We want to port Remacs to use a regex crate implemented in Rust. The Rust implementations are highly optimised, and this would simplify the Remacs codebase.
The two major crates are Rust’s regex crate, and the fancy-regex crate.
Text in an Emacs buffer is not contiguous: it uses a gap buffer data structure. A minimal gap buffer implementation looks like this:
struct GapBuffer {
text: Vec<u8>,
gap_start: usize,
gap_end: usize,
}
The actual text is stored in two parts, buffer.text[..gap_start]
and
buffer.text[gap_end..]
. This enables very fast insertion (gap_start++
)
and deletion (gap_start--
) of text at the current cursor position
(‘point’ in Emacs terminology).
Moving point and inserting text elsewhere forces the gap to be moved,
which is O(N) in the size of text
. You can see the gap moving with the
following elisp command:
(defun wh/report-gap-buffer ()
(interactive)
(message "gap starts at %d and is %d bytes"
(gap-position) (gap-size)))
Try moving around with/without making changes and call M-x
wh/report-gap-buffer
.
The regex crate supports searching &str
or &[u8]
, but does not support
searching Iterator<u8>. Since this requires contiguous data, we will
need to move the gap to the beginning or end of the buffer to search
the whole buffer.
This is O(N/2), and the current Emacs C implementation does not have
this performance overhead. In re_match_2_internal
(defined in
regex.c), Emacs matches a char-at-a-time, and steps over the gap.
We can alleviate this overhead in several ways.
Bounds: Most elisp regex functions take a limit. For example,
re-search-forward
starts at point and has an optional end limit. If
point hasn’t moved since the last edit, we don’t need to search over
the gap.
Newlines: It should be straightforward to detect if an elisp regex matches
newlines, because .
does not match a newline. If the current regex
does not contain newlines, we could search each line separately:
- Search the complete lines in text before the gap.
- Join the last line before the gap to the first line after the gap, and search it.
- Search the complete lines in text after the gap.
Emacs’ regex syntax is based on POSIX. It is not as powerful as PCRE, and the pcre2el project shows that it’s possible to convert elisp regexes to PCRE.
The Rust regex crate does not provide all the features of a PCRE implementation.

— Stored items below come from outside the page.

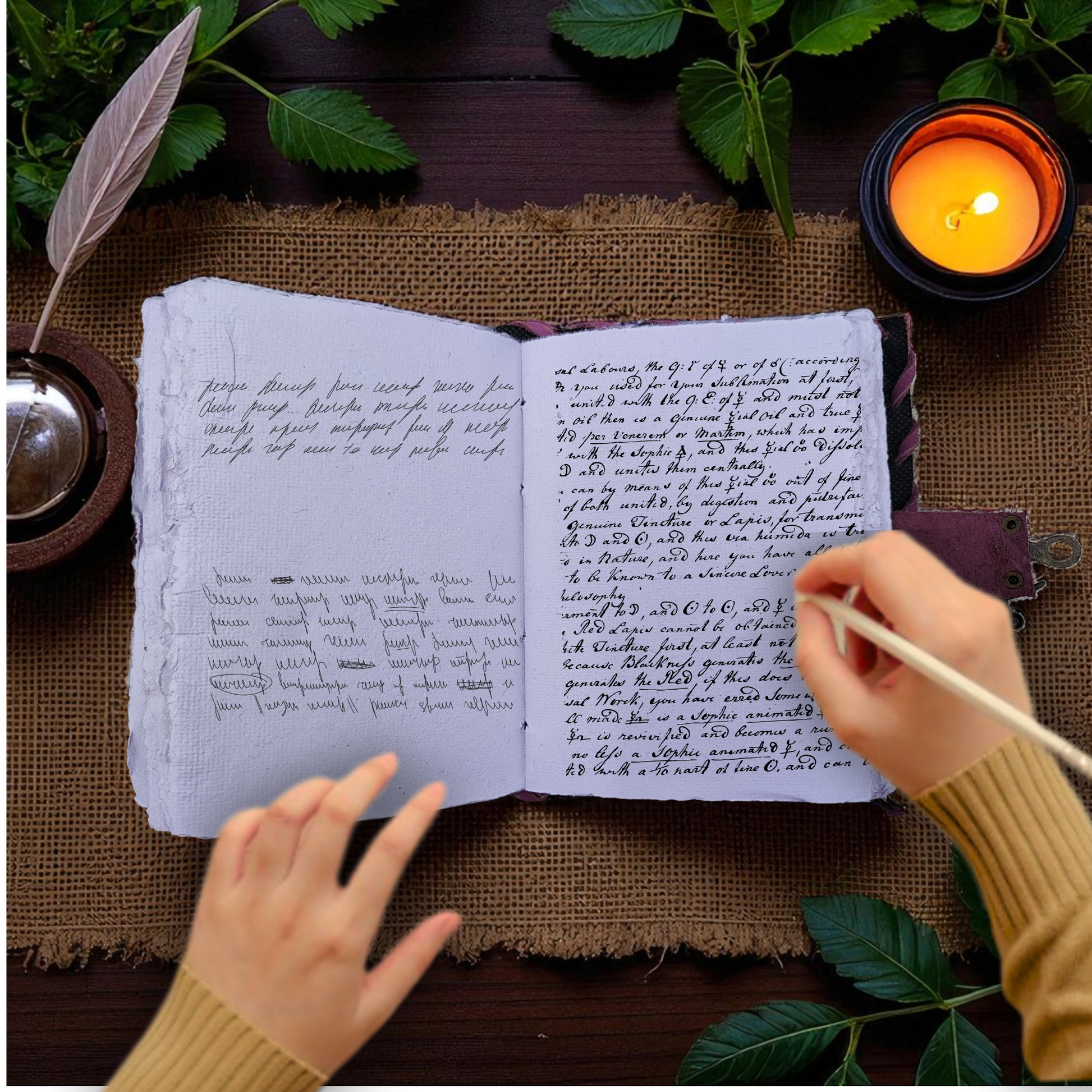 - Why Choose Us? Unike other leather journal spellbook made with low quality materials, low durability. Our Brand Spellbook are handcrafted by skilled artisan with premium quality top grain leather, antiqe deckle edge paper, 125 Gsm Paper, We only use top quaility materials to make the Spellbook.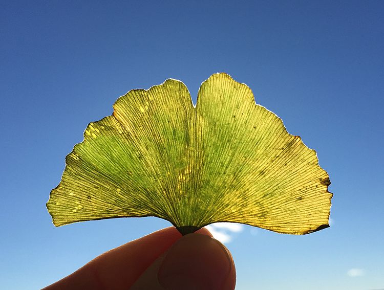 This is a Ginkgo leaf. A species of plant that is over two hundred and fifty million years old. It’s ancient origins can be seen in it’s simple vein structure. they radiate out with minimal bifurcations. Take a look at the much younger maple leaf to see the difference. It’s veins fork and rejoin in a lace-like way. IMHO this is due to evolution creating complexity in the maple leaf.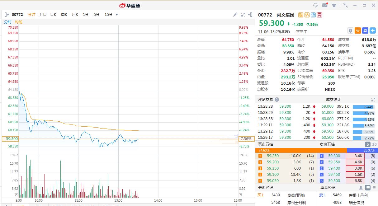 阅文集团(00772.HK)今日股价高开低走,盘中一路下跌,最低点跌破8%。目前跌7.56%。报59.3港元,成交额达3.687亿。

Instead, it is designed to provide regex features that it can search for in linear time (much like the re2 project).
The fancy-regex crate provides a much richer feature set (such as backreferences), leveraging the regex crate as much as possible so simple patterns are still fast.
Emacs lisp regexes have the following features that aren’t available in the regex crate, but are available in fancy-regex:
Backreferences: For example:
"\\(.\\)\\1" ;; Matches any repeated character.
Repeated backreferences: For example:
"\\(.\\)\\{2,3\\}" ;; Matches any character repeated two or three times.
Elisp references also have features that depend on the state of the current buffer:
Syntax classes: For example:
"[[:space:]]" ;; Matches any character that has whitespace syntax
;; according to the current syntax table.
"\\s(" ;; Matches an open parenthesis/bracket according to the
;; current syntax table.
"\\_<" ;; Matches the beginning of a symbol according to the syntax
;; table.
Case tables: For example:
"[[:upper:]]" ;; Matches any upper case letter according to the
;; current case table (unless `case-fold-search' is t).
In this cases, I believe we can transform elisp regexps into regexps acceptable by fancy-regex:
fn convert(elisp_regexp: &str, buffer: BufferRef) -> String
We should initially define a function remacs--re-search-forward
and
get a basic implementation working. We can limit this first version to
handling a subset of elisp regexps on unibyte buffers. By providing a
separate function, we can compare behaviour in a running Remacs
instance.
We can then expand the feature set to bring parity with the C implementation:
- Full elisp regexp syntax
- Buffer-sensitive regexps (case, syntax)
- Honouring narrowing (e.g.
re-search-forward
only looks at the visible content of the buffer). - Honouring
case-fold-search
, and benchmark our version. This will require some
upstream patches (fancy-regex does not support searching a &[u8]
yet).
How do we handle multibyte strings and buffers with different encodings? Specifically, how do we handle the following regexps?
"[[:multibyte:]]"
"[[:graph:]]" "[[:alpha:]]" ;; these are both unicode-aware
How do we handle \=
? This matches point.
It’s not clear what a good benchmark would be. One option is to measure syntax highlighting performance using emacsbench.
How do we handle backtracking? Emacs provides a sepaprate set of
functions for ‘full POSIX backtracking’, such as posix-search-forward
.
Please note that Emacs regexes include ability of executing arbitrary LISP code through
\,
regex object (or how is it called). Just noting it in case it may cause some troubles for porting effort.